Though out of regional system, Cheney will use Waste-to-Energy
The city of Cheney, which opted out of the Spokane County regional trash system, is opting back in to a major part of it.
This summer, Cheney became only the second city in Washington – behind Seattle – to win approval from the state for a plan to operate an independent garbage system. Cheney will handle its own recycling, household hazardous waste, trash education programs and garbage. But it needed somewhere to put its garbage.
Most trash systems in Washington are county-led and countywide. In November, control of the regional solid waste system in Spokane County will shift from the city of Spokane to Spokane County. It no longer will include all cities within the county.
While some cities opted out of the system to find a cheaper way to dispose trash, Cheney has chosen to stick with the Waste-to-Energy Plant, which is owned by Spokane and will be the main place of disposal for the new regional system.
Though Cheney will remain outside the regional system, it will contract with Spokane to dump it’s trash at the Waste-to-Energy Plant.
Ken Gimpel, Spokane’s assistant utilities director, said Cheney officials determined that creating a new process to haul trash to landfills outside of Spokane County – which Spokane Valley is working to do – would cost more than taking the trash to the West Plains incinerator.
Cheney will pay $60 a ton to dispose trash at the plant. That’s less than the $98.50 a ton that’s charged to garbage trucks that drop off trash because Cheney won’t be using the regional system’s recycling and other services, Gimpel said.
The Spokane City Council on Sept. 8 will consider the agreement to accept Cheney’s trash. The deal also will allow Cheney residents to use the Waste-to-Energy Plant as a dump for the same price city of Spokane residents pay.
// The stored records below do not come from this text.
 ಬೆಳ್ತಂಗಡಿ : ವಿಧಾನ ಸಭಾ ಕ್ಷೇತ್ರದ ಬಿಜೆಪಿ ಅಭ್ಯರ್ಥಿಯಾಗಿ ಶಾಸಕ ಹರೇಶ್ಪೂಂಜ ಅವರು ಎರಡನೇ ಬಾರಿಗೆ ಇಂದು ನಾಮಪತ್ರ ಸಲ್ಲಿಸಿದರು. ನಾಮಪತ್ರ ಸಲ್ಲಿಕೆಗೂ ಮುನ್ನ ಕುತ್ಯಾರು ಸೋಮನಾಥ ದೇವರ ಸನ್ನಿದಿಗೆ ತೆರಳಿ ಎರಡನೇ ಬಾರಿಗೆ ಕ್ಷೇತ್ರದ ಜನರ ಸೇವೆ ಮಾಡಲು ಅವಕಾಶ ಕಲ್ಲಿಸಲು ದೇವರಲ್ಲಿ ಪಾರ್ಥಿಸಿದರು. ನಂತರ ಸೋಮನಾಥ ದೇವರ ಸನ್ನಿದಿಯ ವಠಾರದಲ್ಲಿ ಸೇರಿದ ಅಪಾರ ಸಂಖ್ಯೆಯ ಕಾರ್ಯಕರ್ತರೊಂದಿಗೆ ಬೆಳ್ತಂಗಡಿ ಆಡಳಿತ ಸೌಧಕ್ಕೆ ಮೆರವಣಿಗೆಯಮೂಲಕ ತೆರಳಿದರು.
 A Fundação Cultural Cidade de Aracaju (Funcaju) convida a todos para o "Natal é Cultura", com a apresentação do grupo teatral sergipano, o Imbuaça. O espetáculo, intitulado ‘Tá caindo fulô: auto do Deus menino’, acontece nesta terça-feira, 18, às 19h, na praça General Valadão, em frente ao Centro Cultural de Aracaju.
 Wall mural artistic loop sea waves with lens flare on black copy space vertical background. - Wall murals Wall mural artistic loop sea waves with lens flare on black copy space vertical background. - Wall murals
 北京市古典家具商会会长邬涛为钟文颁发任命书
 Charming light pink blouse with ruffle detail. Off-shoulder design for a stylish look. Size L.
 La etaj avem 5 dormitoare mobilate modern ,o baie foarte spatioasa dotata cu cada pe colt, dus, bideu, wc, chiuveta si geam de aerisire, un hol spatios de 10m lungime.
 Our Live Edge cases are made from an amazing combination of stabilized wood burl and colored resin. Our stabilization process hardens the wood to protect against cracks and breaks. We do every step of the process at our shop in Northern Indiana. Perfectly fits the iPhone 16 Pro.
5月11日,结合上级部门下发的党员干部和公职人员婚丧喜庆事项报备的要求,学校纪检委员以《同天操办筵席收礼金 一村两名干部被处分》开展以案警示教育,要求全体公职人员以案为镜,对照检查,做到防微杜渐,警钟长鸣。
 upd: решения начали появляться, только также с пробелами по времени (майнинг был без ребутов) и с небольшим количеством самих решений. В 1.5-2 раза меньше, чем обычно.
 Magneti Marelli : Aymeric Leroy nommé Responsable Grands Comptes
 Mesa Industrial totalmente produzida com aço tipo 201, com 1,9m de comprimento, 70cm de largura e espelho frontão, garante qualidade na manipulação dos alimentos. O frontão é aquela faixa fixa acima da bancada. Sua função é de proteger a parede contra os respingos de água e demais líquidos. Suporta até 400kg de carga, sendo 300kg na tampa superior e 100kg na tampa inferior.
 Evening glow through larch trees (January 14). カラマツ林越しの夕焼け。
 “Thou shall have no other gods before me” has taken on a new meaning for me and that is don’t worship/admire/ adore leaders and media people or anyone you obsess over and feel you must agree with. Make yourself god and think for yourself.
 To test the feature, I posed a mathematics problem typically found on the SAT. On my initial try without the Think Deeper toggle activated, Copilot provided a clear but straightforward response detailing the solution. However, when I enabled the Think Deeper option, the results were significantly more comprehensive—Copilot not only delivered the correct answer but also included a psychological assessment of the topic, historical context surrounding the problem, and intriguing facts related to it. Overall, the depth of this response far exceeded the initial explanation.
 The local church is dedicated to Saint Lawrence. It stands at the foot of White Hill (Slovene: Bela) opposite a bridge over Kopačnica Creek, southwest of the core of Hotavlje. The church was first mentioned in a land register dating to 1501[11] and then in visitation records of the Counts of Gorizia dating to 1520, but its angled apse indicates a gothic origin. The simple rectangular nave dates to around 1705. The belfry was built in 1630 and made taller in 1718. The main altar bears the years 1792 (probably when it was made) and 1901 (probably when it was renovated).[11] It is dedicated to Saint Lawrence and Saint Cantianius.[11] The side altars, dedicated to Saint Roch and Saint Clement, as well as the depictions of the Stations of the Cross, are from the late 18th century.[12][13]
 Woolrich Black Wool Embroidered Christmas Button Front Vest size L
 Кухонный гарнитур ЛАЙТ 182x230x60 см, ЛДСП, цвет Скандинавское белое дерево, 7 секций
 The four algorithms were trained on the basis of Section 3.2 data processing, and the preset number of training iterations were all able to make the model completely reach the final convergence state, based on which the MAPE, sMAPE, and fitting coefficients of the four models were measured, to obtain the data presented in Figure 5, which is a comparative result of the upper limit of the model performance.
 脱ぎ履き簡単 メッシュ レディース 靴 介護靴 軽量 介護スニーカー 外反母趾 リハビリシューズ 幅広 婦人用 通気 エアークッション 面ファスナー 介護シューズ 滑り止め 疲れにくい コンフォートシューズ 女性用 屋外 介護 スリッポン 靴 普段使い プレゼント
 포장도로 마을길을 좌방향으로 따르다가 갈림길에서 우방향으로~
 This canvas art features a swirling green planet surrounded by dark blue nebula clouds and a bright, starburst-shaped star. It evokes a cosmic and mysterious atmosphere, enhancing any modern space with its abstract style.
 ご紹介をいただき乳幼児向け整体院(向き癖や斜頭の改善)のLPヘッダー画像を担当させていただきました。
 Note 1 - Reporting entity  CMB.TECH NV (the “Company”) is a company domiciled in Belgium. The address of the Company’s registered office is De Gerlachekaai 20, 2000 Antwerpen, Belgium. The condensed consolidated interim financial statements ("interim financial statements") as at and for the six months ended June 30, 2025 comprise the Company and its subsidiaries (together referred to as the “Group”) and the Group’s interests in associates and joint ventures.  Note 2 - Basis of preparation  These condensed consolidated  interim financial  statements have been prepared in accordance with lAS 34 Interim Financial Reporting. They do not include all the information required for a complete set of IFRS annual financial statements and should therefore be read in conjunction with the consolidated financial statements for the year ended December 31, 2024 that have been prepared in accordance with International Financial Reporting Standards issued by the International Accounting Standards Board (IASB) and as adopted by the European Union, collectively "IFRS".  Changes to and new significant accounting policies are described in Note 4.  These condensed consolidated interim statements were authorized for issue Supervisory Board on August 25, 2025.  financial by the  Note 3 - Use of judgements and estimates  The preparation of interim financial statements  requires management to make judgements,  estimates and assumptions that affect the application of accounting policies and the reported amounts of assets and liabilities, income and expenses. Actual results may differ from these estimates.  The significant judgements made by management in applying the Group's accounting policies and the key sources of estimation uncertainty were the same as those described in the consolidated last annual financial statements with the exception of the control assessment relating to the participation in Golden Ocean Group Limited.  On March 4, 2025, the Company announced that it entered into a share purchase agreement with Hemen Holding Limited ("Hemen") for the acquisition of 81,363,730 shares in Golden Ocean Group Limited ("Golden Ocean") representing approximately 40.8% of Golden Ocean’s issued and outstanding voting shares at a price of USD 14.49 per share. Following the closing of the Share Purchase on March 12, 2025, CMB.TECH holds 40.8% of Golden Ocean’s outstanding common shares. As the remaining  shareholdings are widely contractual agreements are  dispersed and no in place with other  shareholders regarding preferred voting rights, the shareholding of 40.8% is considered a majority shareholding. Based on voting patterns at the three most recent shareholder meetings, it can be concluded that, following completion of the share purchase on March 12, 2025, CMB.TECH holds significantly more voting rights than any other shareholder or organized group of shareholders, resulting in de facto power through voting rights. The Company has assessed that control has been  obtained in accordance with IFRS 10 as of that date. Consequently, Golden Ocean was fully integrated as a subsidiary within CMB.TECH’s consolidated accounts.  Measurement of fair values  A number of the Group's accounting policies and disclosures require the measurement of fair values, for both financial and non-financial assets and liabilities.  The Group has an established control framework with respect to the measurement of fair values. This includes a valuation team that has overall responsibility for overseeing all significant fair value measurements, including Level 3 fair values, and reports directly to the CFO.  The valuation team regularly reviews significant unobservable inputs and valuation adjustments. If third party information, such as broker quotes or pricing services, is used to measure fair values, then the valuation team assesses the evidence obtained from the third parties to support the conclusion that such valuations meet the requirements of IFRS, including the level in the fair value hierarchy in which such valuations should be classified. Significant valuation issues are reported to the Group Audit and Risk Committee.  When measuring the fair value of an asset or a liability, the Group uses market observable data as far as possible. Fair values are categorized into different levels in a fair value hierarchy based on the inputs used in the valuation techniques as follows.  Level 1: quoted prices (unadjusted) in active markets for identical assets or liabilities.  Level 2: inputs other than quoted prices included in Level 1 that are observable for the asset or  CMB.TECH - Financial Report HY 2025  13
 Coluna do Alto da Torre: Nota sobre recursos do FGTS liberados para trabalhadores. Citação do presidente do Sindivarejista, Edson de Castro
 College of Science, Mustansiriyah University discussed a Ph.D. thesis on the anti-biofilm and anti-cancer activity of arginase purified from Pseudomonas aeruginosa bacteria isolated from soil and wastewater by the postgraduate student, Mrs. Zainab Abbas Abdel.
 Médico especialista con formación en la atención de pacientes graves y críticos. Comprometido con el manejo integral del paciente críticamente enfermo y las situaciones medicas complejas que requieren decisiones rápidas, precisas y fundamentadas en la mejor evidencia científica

Gimpel said he is hoping that Airway Heights and Medical Lake join the regional system. Spokane officials say if those cities don’t send trash picked up at the curb to the plant, residents in those cities likely will pay more to self-haul to the plant.
“The one thing we can’t have is people who are paying into the system subsidizing those who aren’t paying into the system,” said Councilman Mike Allen.
The headline on this story was changed on August 29, 3014 to correct an error. The city of Cheney is not joining the Spokane County regional solid waste system even though it will contract with the city of Spokane to dump its trash at the Waste-to-Energy Plant.